(Beginning of Provided records)

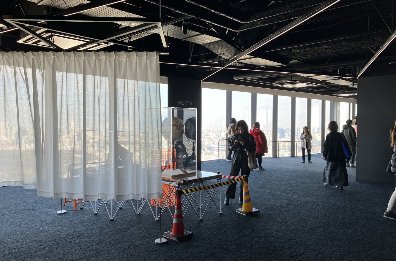 屋外で展望を満喫したら、46階の「SKY GALLERY」へ。ここでは、高層からの景色と共にアートを楽しむことができます。アートの企画展「SKY GALLERY EXHIBITION」がシリーズで行われていて、取材時には、美術家・中﨑透によるエキシビション「Ding-dong, Ding-dong 〜Bells ringing at the bottom of the valley〜」が開催中でした。SHIBUYA SKYでは、「SKY STAGE」の眺望とともに、感性を刺激するこれらアートの数々も見逃せません。
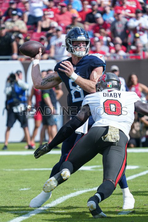 Tampa Bay, Florida, USA, November 12, 2023, Tennessee Titans quarterback Will Levis #8 readies to make a pass during the first half at Raymond James Stadium. (Photo Credit: Marty Jean-Louis)
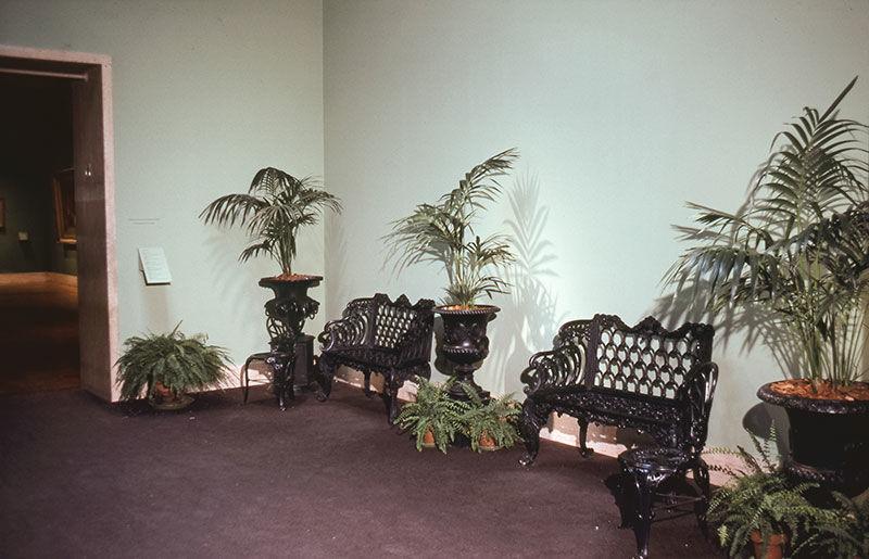 In January 1976, as part of the nation’s bicentennial celebrations, the Museum opened A Bicentennial Treasury: American Masterpieces from the Metropolitan. Part of the exhibition included a space with iron benches and large vases with potted palms and small ferns placed on the carpeted floor, reflective of the decorative use of plants in interior design that flourished during the ’70s.
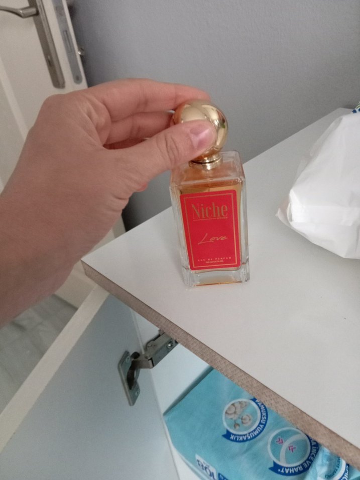 Niche Love kadın parfümü, kırmızı etiketli ve altın kapaklı şeffaf cam şişede, zarif ve sofistike bir koku sunar.
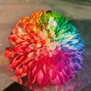 お花屋さんで見つけたレインボー色の菊ですෆ˚* 姪っ子がママにプレゼントする!と言うので1輪買いました(*´꒳`*) 私の影響なのか、まだ小さいのにお花が大好きな子ですᡣ𐭩
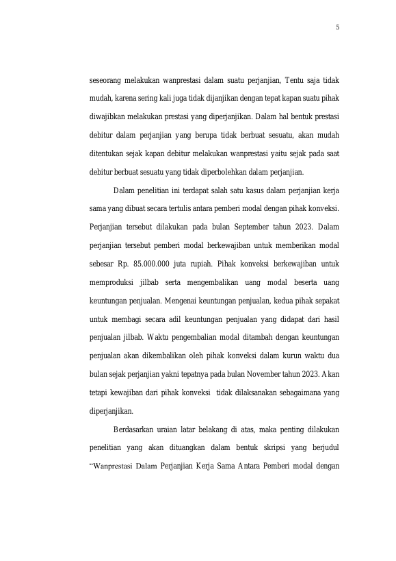 Baca Juga : WANPRESTASI PELAKSANAAN PERJANJIAN KERJA SAMA BISNIS KAFE ( SUATU PENELITIAN DI DOMESTIQ COFFEE BANDA ACEH) (Karan Janual Haqi, 2024)
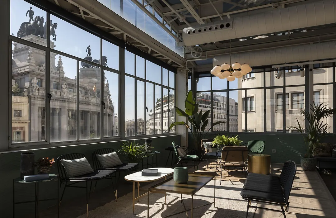 Petit Palace Alcala stands out as a 4-star boutique hotel housed in Madrid's first skyscraper, the Edificio la Unión y el Fénix Español. It features modern amenities, a restaurant with stunning panoramic views, and a pet-friendly policy.
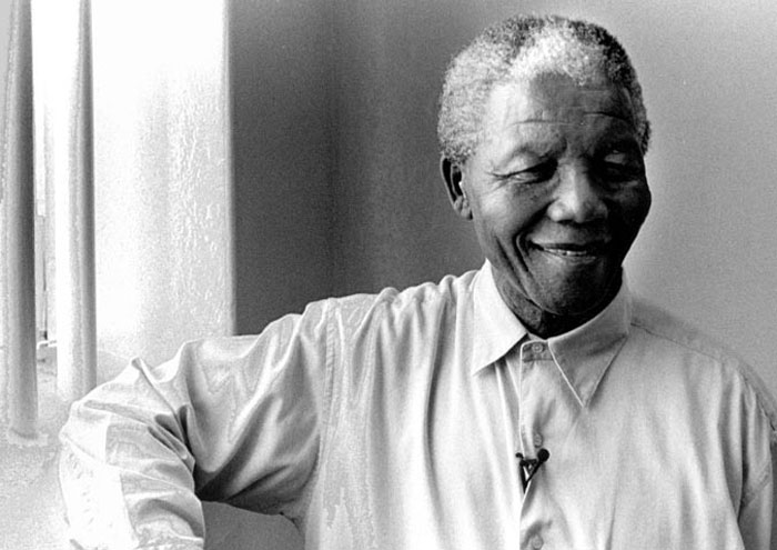 South African president Nelson Mandela revisits his prison cell on Robben Island, where he spent eighteen of his twenty-seven years in prison. Information or Purchase Request
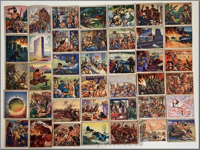 Complete set of 96 gum cards titled “Uncle Sam”. Issued by Gum Inc. of Philadelphia in 1941, it depicts four military branches of service: Army, Navy, Air Force and Marines. Because the series was distributed before direct U.S. involvement in WW2, the focus of the set was directed to U.S. preparedness for hostilities, and it is devoid of the vivid and horrifying details of the overseas warfare which was already taking place. “Uncle Sam” seems bland to many collectors compared to “Horrors of War” and “War Gum” and is generally in less demand than those two sets. The color artwork of cards 1-96, minus numbers 31 and 34, were reproduced in two small-sized books entitled “America’s Army” and “America’s Navy” (Rand McNally 1942). Some of the cards were also illustrated in a Planter’s Peanuts premium booklet distributed in the same time period. It also appears that all 96 cards were printed on two paper sheets, possibly to hang as advertising in store windows or to hand out as premiums. KH
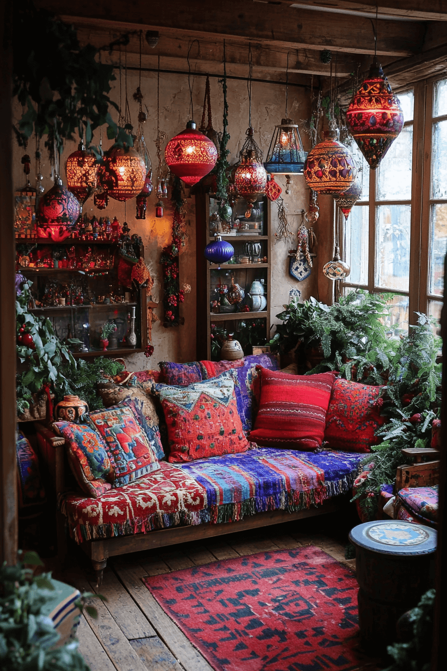 Bold patterns, layered fabrics, and global details give this cozy Christmas decor an adventurous soul. Handmade ornaments and unique textures tell stories of travel and creativity. The colors are rich, the mood is free-spirited, and every inch radiates warmth. It’s artistry wrapped in holiday comfort. Unleash your inner wanderer and fill your home with spirited, joyful design.
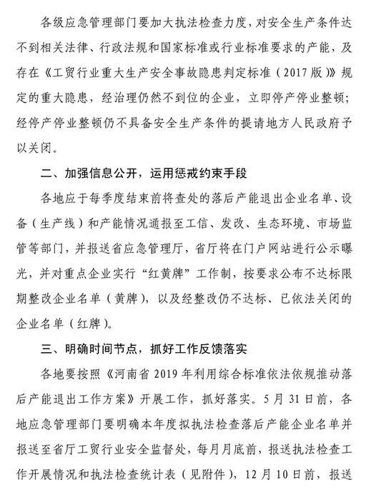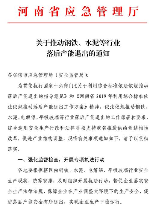 4月25日,河南省應(yīng)急管理廳下發(fā)《關(guān)于推動(dòng)鋼鐵、水泥等行業(yè)落后產(chǎn)能退出的通知》。《通知》明確表示將利用安全生產(chǎn)行政和法律手段推進(jìn)水泥、鋼鐵等行業(yè)落后產(chǎn)能退出。《通知》要求各級(jí)應(yīng)急管理部門(mén)要加大執(zhí)法檢查力度,對(duì)安全生產(chǎn)條件達(dá)不到相關(guān)法律、行政法規(guī)和國(guó)家標(biāo)準(zhǔn)或行業(yè)標(biāo)準(zhǔn)要求的產(chǎn)能,及存在《工貿(mào)行業(yè)重大生產(chǎn)安全事故隱患判定標(biāo)準(zhǔn)(2017版)》規(guī)定的重大隱患,經(jīng)治理仍然不到位的企業(yè),立即停業(yè)停產(chǎn)整頓;經(jīng)停業(yè)停產(chǎn)整頓仍不具備安全生產(chǎn)條件的提請(qǐng)地方人民政府予以關(guān)閉。
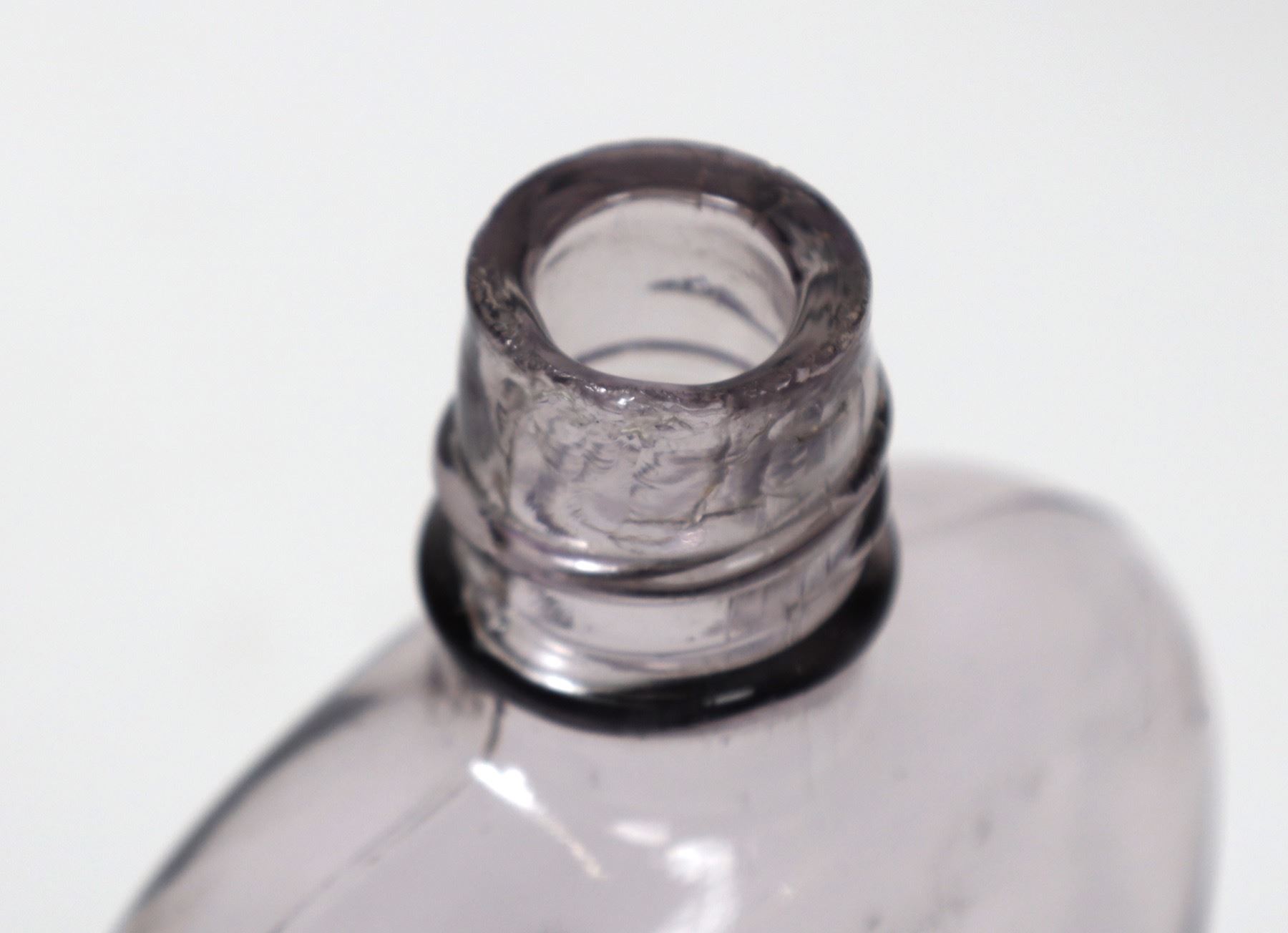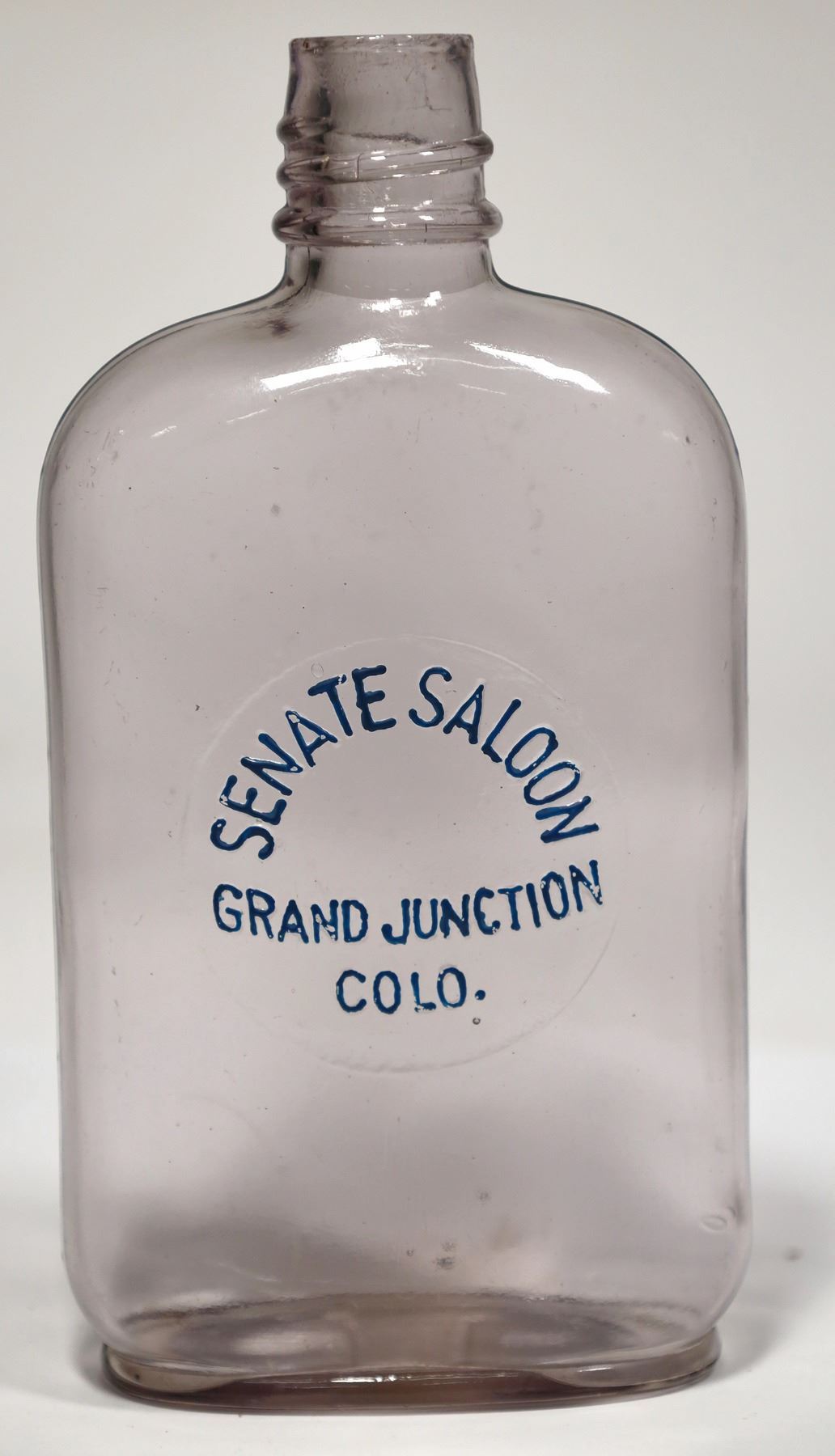 Preble W-93. Senate Saloon / Grand Junction / Colo. Blue lettering. 6.25" pocket flask, very light purple tint. Chips along lip, bubbles. Very attractive bottle!

(End of Provided records)

Problem to work on:
No picture belongs in the answer; the rest of the records must be repeated exactly.

Solution to the problem:
 屋外で展望を満喫したら、46階の「SKY GALLERY」へ。ここでは、高層からの景色と共にアートを楽しむことができます。アートの企画展「SKY GALLERY EXHIBITION」がシリーズで行われていて、取材時には、美術家・中﨑透によるエキシビション「Ding-dong, Ding-dong 〜Bells ringing at the bottom of the valley〜」が開催中でした。SHIBUYA SKYでは、「SKY STAGE」の眺望とともに、感性を刺激するこれらアートの数々も見逃せません。
 Tampa Bay, Florida, USA, November 12, 2023, Tennessee Titans quarterback Will Levis #8 readies to make a pass during the first half at Raymond James Stadium. (Photo Credit: Marty Jean-Louis)
 In January 1976, as part of the nation’s bicentennial celebrations, the Museum opened A Bicentennial Treasury: American Masterpieces from the Metropolitan. Part of the exhibition included a space with iron benches and large vases with potted palms and small ferns placed on the carpeted floor, reflective of the decorative use of plants in interior design that flourished during the ’70s.
 Niche Love kadın parfümü, kırmızı etiketli ve altın kapaklı şeffaf cam şişede, zarif ve sofistike bir koku sunar.
 お花屋さんで見つけたレインボー色の菊ですෆ˚* 姪っ子がママにプレゼントする!と言うので1輪買いました(*´꒳`*) 私の影響なのか、まだ小さいのにお花が大好きな子ですᡣ𐭩
 Baca Juga : WANPRESTASI PELAKSANAAN PERJANJIAN KERJA SAMA BISNIS KAFE ( SUATU PENELITIAN DI DOMESTIQ COFFEE BANDA ACEH) (Karan Janual Haqi, 2024)
 Petit Palace Alcala stands out as a 4-star boutique hotel housed in Madrid's first skyscraper, the Edificio la Unión y el Fénix Español. It features modern amenities, a restaurant with stunning panoramic views, and a pet-friendly policy.
 South African president Nelson Mandela revisits his prison cell on Robben Island, where he spent eighteen of his twenty-seven years in prison. Information or Purchase Request
 Complete set of 96 gum cards titled “Uncle Sam”. Issued by Gum Inc. of Philadelphia in 1941, it depicts four military branches of service: Army, Navy, Air Force and Marines. Because the series was distributed before direct U.S. involvement in WW2, the focus of the set was directed to U.S. preparedness for hostilities, and it is devoid of the vivid and horrifying details of the overseas warfare which was already taking place. “Uncle Sam” seems bland to many collectors compared to “Horrors of War” and “War Gum” and is generally in less demand than those two sets. The color artwork of cards 1-96, minus numbers 31 and 34, were reproduced in two small-sized books entitled “America’s Army” and “America’s Navy” (Rand McNally 1942). Some of the cards were also illustrated in a Planter’s Peanuts premium booklet distributed in the same time period. It also appears that all 96 cards were printed on two paper sheets, possibly to hang as advertising in store windows or to hand out as premiums. KH
 Bold patterns, layered fabrics, and global details give this cozy Christmas decor an adventurous soul. Handmade ornaments and unique textures tell stories of travel and creativity. The colors are rich, the mood is free-spirited, and every inch radiates warmth. It’s artistry wrapped in holiday comfort. Unleash your inner wanderer and fill your home with spirited, joyful design.
 4月25日,河南省應(yīng)急管理廳下發(fā)《關(guān)于推動(dòng)鋼鐵、水泥等行業(yè)落后產(chǎn)能退出的通知》。《通知》明確表示將利用安全生產(chǎn)行政和法律手段推進(jìn)水泥、鋼鐵等行業(yè)落后產(chǎn)能退出。《通知》要求各級(jí)應(yīng)急管理部門(mén)要加大執(zhí)法檢查力度,對(duì)安全生產(chǎn)條件達(dá)不到相關(guān)法律、行政法規(guī)和國(guó)家標(biāo)準(zhǔn)或行業(yè)標(biāo)準(zhǔn)要求的產(chǎn)能,及存在《工貿(mào)行業(yè)重大生產(chǎn)安全事故隱患判定標(biāo)準(zhǔn)(2017版)》規(guī)定的重大隱患,經(jīng)治理仍然不到位的企業(yè),立即停業(yè)停產(chǎn)整頓;經(jīng)停業(yè)停產(chǎn)整頓仍不具備安全生產(chǎn)條件的提請(qǐng)地方人民政府予以關(guān)閉。
 Preble W-93. Senate Saloon / Grand Junction / Colo. Blue lettering. 6.25" pocket flask, very light purple tint. Chips along lip, bubbles. Very attractive bottle!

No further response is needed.